时间:2018-11-28 11:59:12

标签: tensorflow

我在训练时使用了tf.train.shuffle_batch,并且没有使用任何占位符,但是当我将ckpt冻结到pb文件中时,虽然可以将东西输入shuffle_batch张量,但是我没有得到任何输入张量,但它需要Feed的大小与shuffle_batch数据相同。如何解决?我知道我可以重写网络并还原参数,然后冻结,但这不明智吗?

火车

import tensorflow as tf
import tensorlayer as tl
from tensorlayer.layers import *
import os
trainsize=35680
testsize=889

batch_size=32
inputW=224
inputH=480
TRAIN_TFRECORD='./train.tfrecords'
TEST_TFRECORD='./test.tfrecords'
BATCH_CAPACITY=512
MIN_AFTER_DEQU=256
MAX_Cycle=100000
TRAIN_CYCLE=int(trainsize/batch_size)
TEST_CYCLE=int(testsize/batch_size)
learning_rt = 0.001
savepath='./ckpt/'
logpath='./logs/'


def network(inputs,is_train,reuse):
    BITW =8
    BITA=8
    Decay=0.99
    Epsi=1e-5
    with tf.variable_scope('Model',reuse=reuse):
        net=InputLayer(inputs,name='input') #224*480

        net=QuanConv2dWithBN(net,32,(3,3),(1,1),'SAME',tf.nn.relu, decay=Decay, epsilon=Epsi,  is_train=is_train,  bitW=BITW,bitA=BITA,name='Conv1_1')
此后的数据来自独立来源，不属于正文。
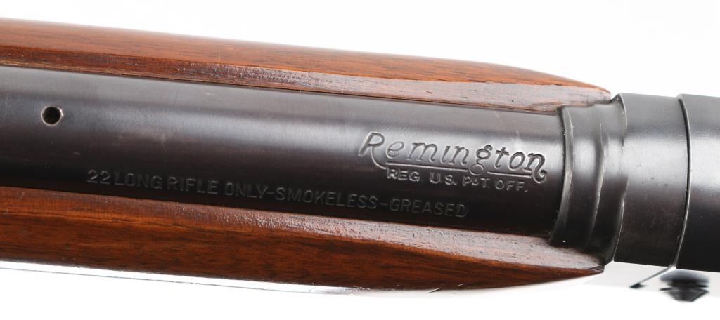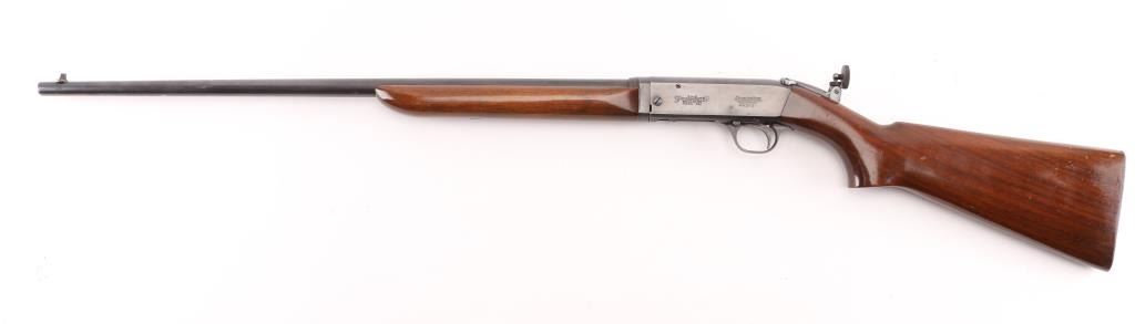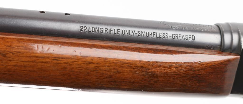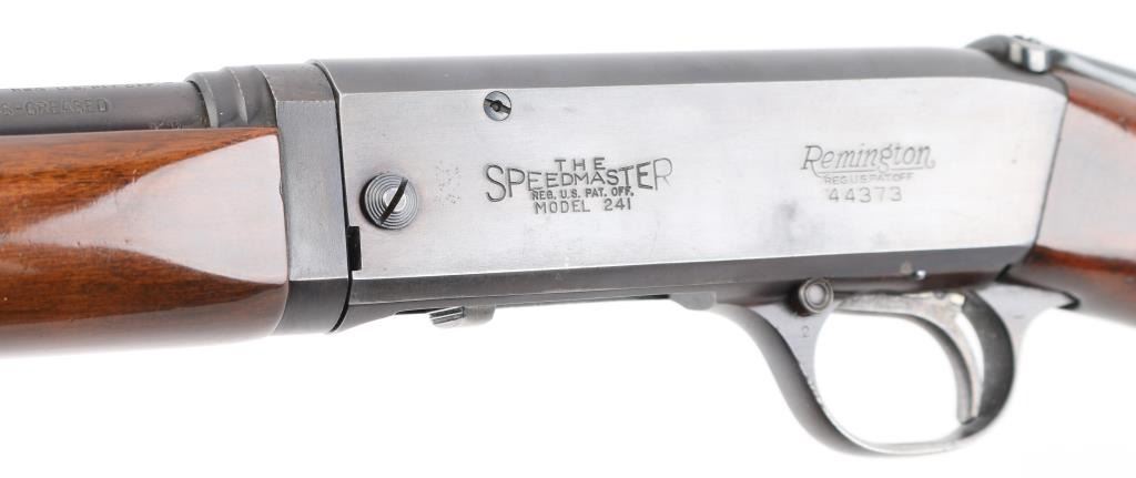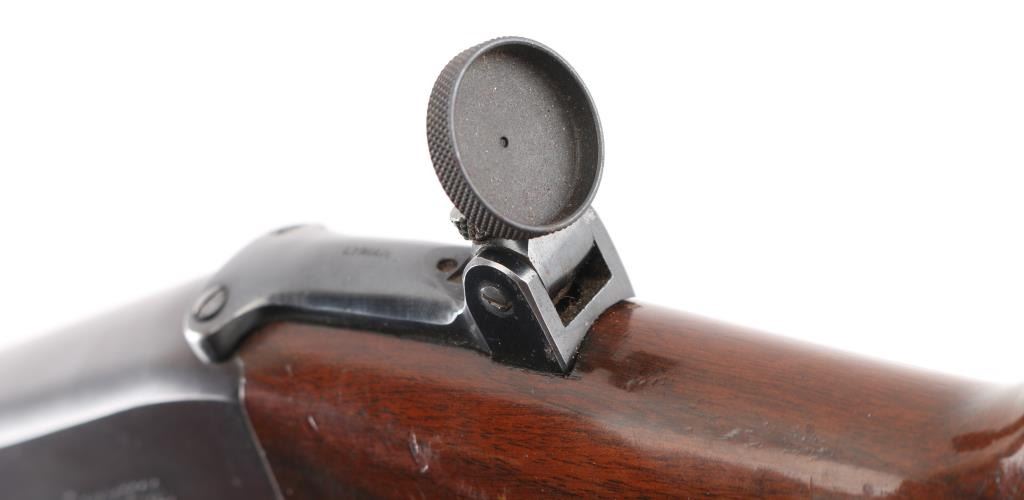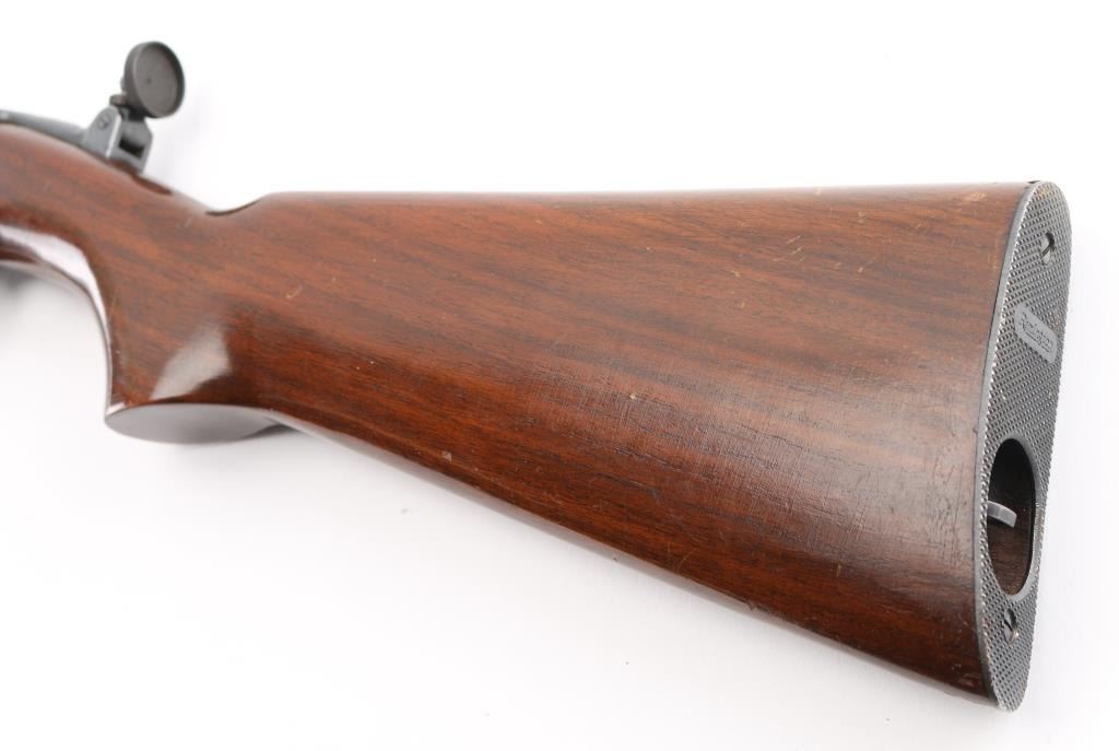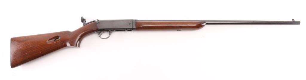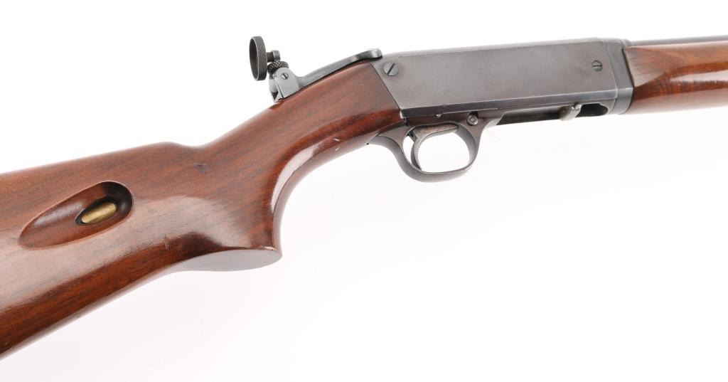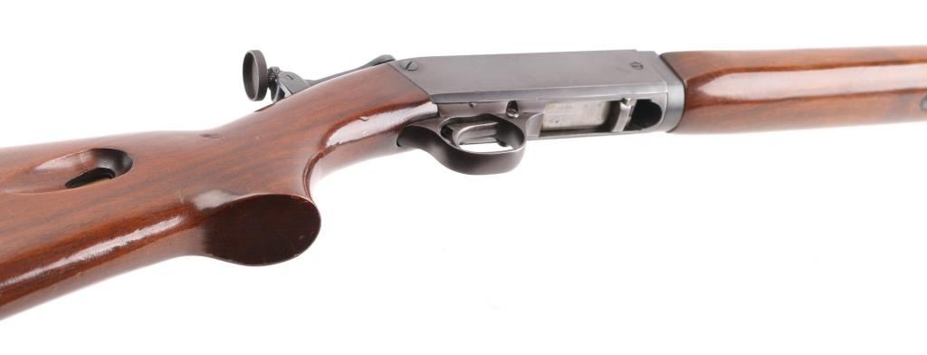 'The Speedmaster' Vintage tube-fed semi automatic sporting rifle chambered in .22 Long Rifle, circa 1938. Barrel marked "22 LONG RIFLE ONLY - SMOKELESS - GREASED". Blued finish, 24" take-down barrel, dovetailed blade/bead front sight, rear sight removed, no filler screws, vintage Lyman peep sight mounted on the rear of receiver, smooth case hardened trigger, push button safety, smooth walnut beavertail forend and pistol grip shoulder stock with loading port & knurled metal factory buttplate. Bore is excellent/bright. Retains about 95% of fading blue finish, some edge wear, rubs on barrel matching serial numbers on barrel, & receiver. Wood is very good, revarnished at some, some minor scratches/dings. Condition is NRA Very Good+ C&R Firearm.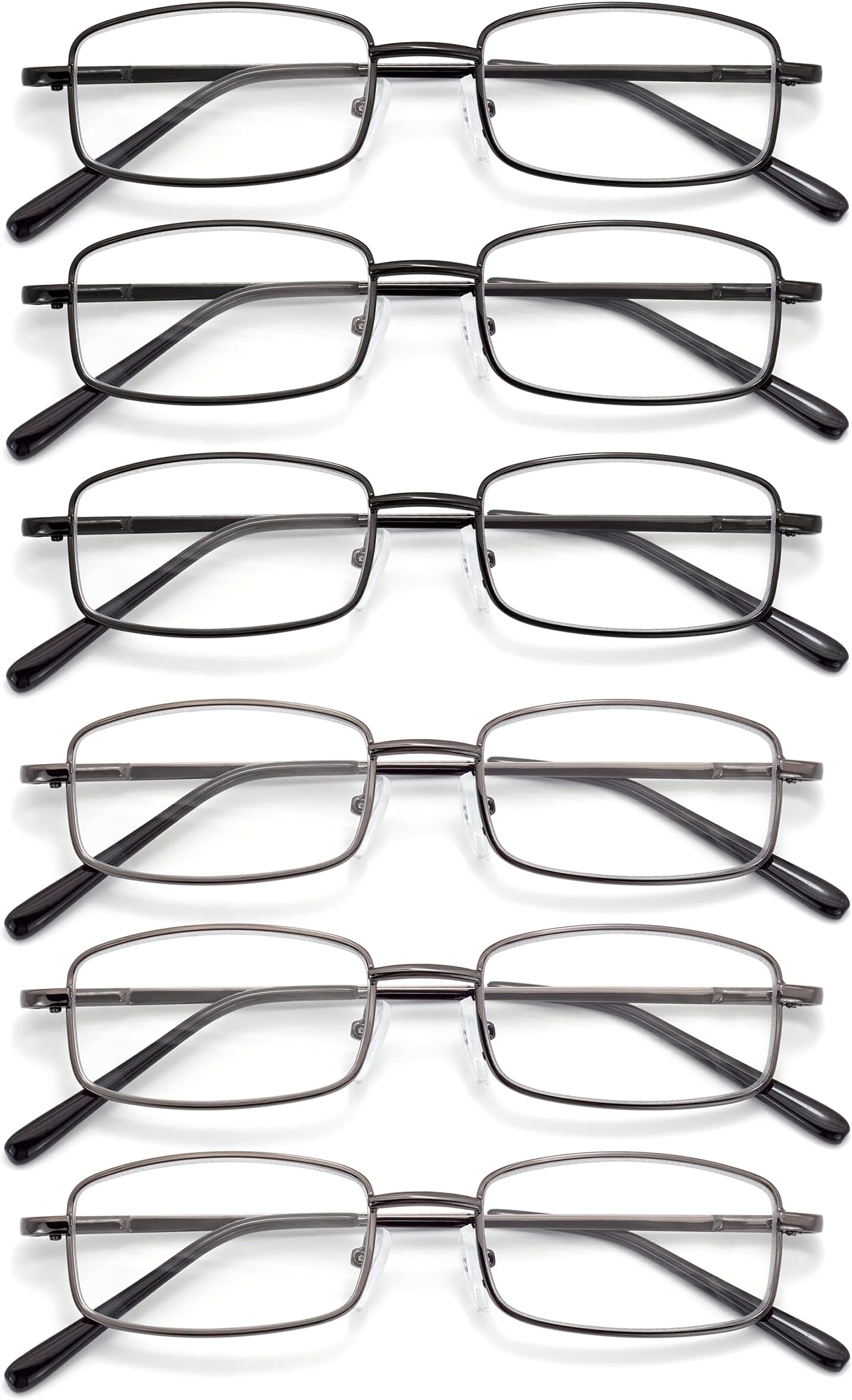 4 Pack Lightweight Metal Rectangle Reading Glasses Women Men ...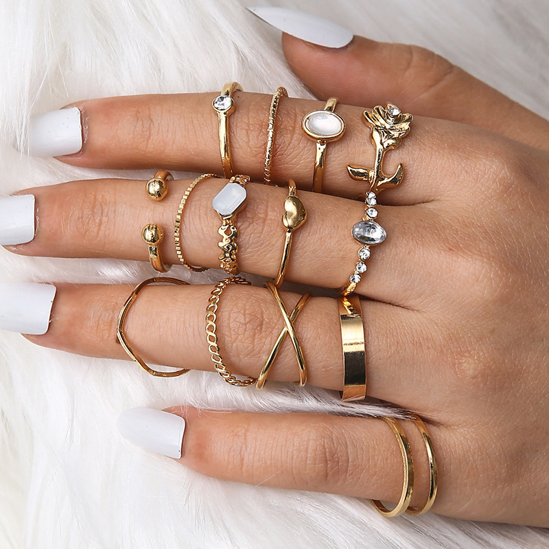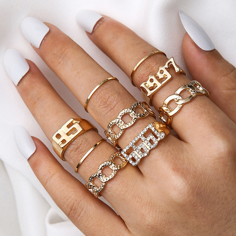 クロスボーダーの人気アクセサリーファッションのミニチュアの数字のリングの個性の簡単なチェーンの組み合わせの9セットの指輪の卸売り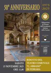 La Delegazione di Ferrara dell'Accademia Italiana della Cucina celebra il suo 50° anniversario con un momento d'incontro che si terrà sabato 15 novembre alle 11:00 al Ridotto del Teatro Comunale di Ferrara, iniziativa che gode del patrocinio del Comune di Ferrara e della collaborazione della Fondazione Teatro Comunale.

        net=QuanConv2dWithBN(net,64,(3,3),(2,2),'SAME',tf.nn.relu, decay=Decay, epsilon=Epsi,  is_train=is_train,  bitW=BITW,bitA=BITA,name='Conv1_2') #112*240

        net=QuanConv2dWithBN(net,64,(3,3),(1,1),'SAME',tf.nn.relu,decay=Decay, epsilon=Epsi,  is_train=is_train,  bitW=BITW,bitA=BITA,name='Conv2_1')
        net=QuanConv2dWithBN(net,128,(3,3),(2,2),'SAME',tf.nn.relu,decay=Decay, epsilon=Epsi,  is_train=is_train,  bitW=BITW,bitA=BITA,name='Conv2_2') #56*120

        net=QuanConv2dWithBN(net,128,(3,3),(1,1),'SAME',tf.nn.relu,decay=Decay, epsilon=Epsi,  is_train=is_train,  bitW=BITW,bitA=BITA,name='Conv3_1')

        net=QuanConv2dWithBN(net,64,(1,1),(1,1),'SAME',tf.nn.relu,decay=Decay, epsilon=Epsi,  is_train=is_train,  bitW=BITW,bitA=BITA,name='Conv3_2')

        net=QuanConv2dWithBN(net,128,(3,3),(2,2),'SAME',tf.nn.relu,decay=Decay, epsilon=Epsi,  is_train=is_train,  bitW=BITW,bitA=BITA,name='Conv3_3') #28*60

        net=QuanConv2dWithBN(net,64,(3,3),(1,1),'SAME',tf.nn.relu,decay=Decay, epsilon=Epsi,  is_train=is_train,  bitW=BITW,bitA=BITA,name='Conv4_1')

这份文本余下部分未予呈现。